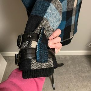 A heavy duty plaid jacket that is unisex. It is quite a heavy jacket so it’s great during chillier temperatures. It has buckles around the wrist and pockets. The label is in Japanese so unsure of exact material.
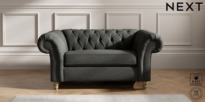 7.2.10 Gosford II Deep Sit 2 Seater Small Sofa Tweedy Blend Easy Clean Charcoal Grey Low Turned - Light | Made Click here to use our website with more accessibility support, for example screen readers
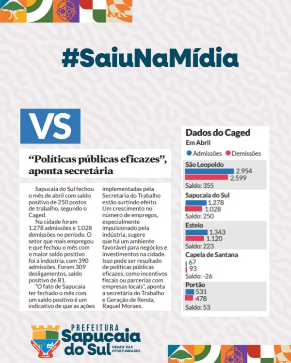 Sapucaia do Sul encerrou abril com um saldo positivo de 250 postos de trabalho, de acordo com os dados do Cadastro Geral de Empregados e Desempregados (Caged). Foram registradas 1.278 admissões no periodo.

^^^^

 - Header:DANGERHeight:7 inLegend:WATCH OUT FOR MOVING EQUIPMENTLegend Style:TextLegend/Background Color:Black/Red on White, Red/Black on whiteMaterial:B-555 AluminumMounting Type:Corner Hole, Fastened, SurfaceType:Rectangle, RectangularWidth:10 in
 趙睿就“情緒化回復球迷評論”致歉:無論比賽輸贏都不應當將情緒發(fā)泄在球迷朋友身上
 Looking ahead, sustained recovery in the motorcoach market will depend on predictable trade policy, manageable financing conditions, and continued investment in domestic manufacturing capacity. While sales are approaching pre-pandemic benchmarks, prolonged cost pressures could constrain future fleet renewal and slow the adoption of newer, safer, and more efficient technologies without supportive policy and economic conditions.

^^^^

Within the material above, transcribe exactly the lines that run from the line holding "- Header:DANGERHeight:7 inLegend:WATCH" through the line holding "Looking ahead, sustained".

 - Header:DANGERHeight:7 inLegend:WATCH OUT FOR MOVING EQUIPMENTLegend Style:TextLegend/Background Color:Black/Red on White, Red/Black on whiteMaterial:B-555 AluminumMounting Type:Corner Hole, Fastened, SurfaceType:Rectangle, RectangularWidth:10 in
 趙睿就“情緒化回復球迷評論”致歉:無論比賽輸贏都不應當將情緒發(fā)泄在球迷朋友身上
 Looking ahead, sustained recovery in the motorcoach market will depend on predictable trade policy, manageable financing conditions, and continued investment in domestic manufacturing capacity. While sales are approaching pre-pandemic benchmarks, prolonged cost pressures could constrain future fleet renewal and slow the adoption of newer, safer, and more efficient technologies without supportive policy and economic conditions.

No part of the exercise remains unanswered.